**Supplied material:**
══════════════════════════════

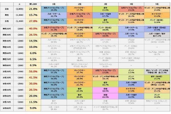 2. 推し活が幸福度を高めることが明らかに。推しの対象は男性はスポーツ系、女性は?
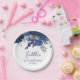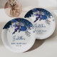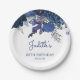 Navy Blue Silver Floral 80th Birthday Party Paper Plate
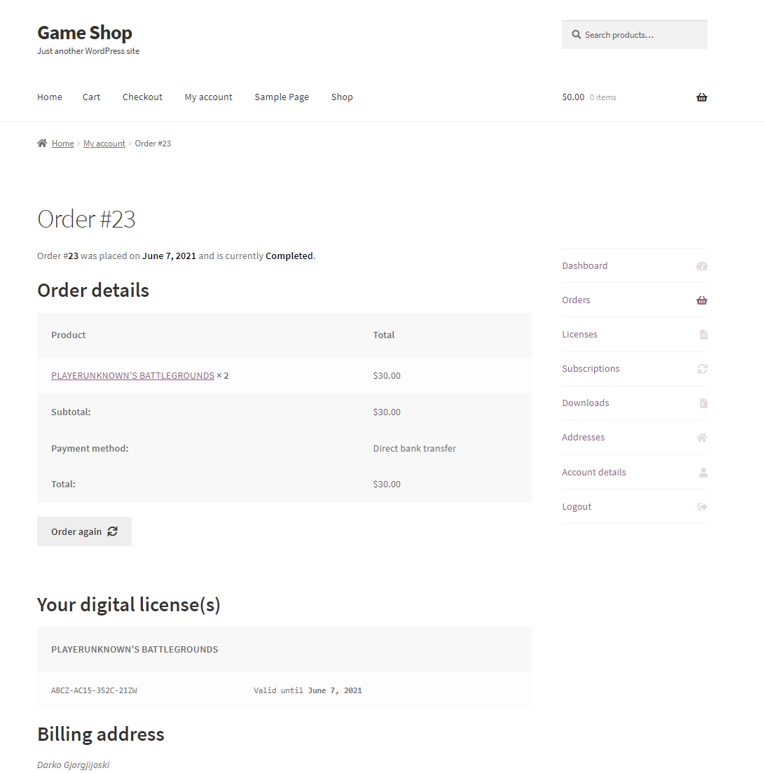 - Show purchased Licenses in WooCommerce > MyAccount (Read more)
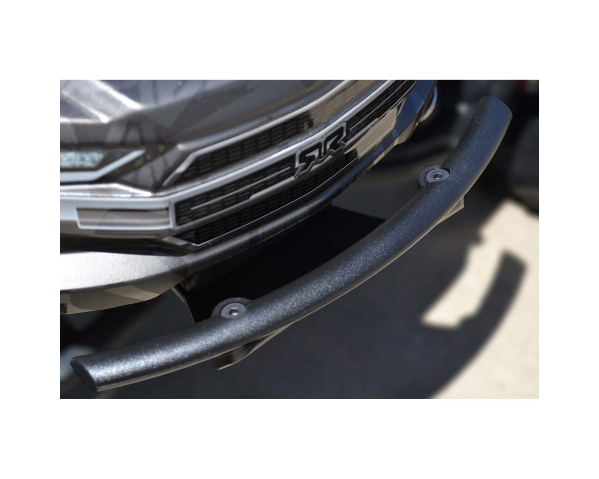 The RPM Front Bumper for the ARRMA Kraton 6S is structurally engineered to add much needed impact-absorption. It dramatically reduces transferred impact forces to the chassis. Furthermore, the two-piece design incorporates a 4mm thick skid plate with 1.5mm skid ribs. Each rib extends more than 1-1/2” (38mm) in front of the chassis and protects the front of that expensive aluminum chassis from skid and impact damage. A huge, 3/8” x 1/2? x 6-3/4” (9.5mm x 12.7mm x 171.5mm) curved oval bumper is bolted on top to help protect the body.

══════════════════════════════

**Your instructions:** Everything in the material above must be repeated exactly, apart from its pictures.

**Result of this exercise:**
 2. 推し活が幸福度を高めることが明らかに。推しの対象は男性はスポーツ系、女性は?
 Navy Blue Silver Floral 80th Birthday Party Paper Plate
 - Show purchased Licenses in WooCommerce > MyAccount (Read more)
 The RPM Front Bumper for the ARRMA Kraton 6S is structurally engineered to add much needed impact-absorption. It dramatically reduces transferred impact forces to the chassis. Furthermore, the two-piece design incorporates a 4mm thick skid plate with 1.5mm skid ribs. Each rib extends more than 1-1/2” (38mm) in front of the chassis and protects the front of that expensive aluminum chassis from skid and impact damage. A huge, 3/8” x 1/2? x 6-3/4” (9.5mm x 12.7mm x 171.5mm) curved oval bumper is bolted on top to help protect the body.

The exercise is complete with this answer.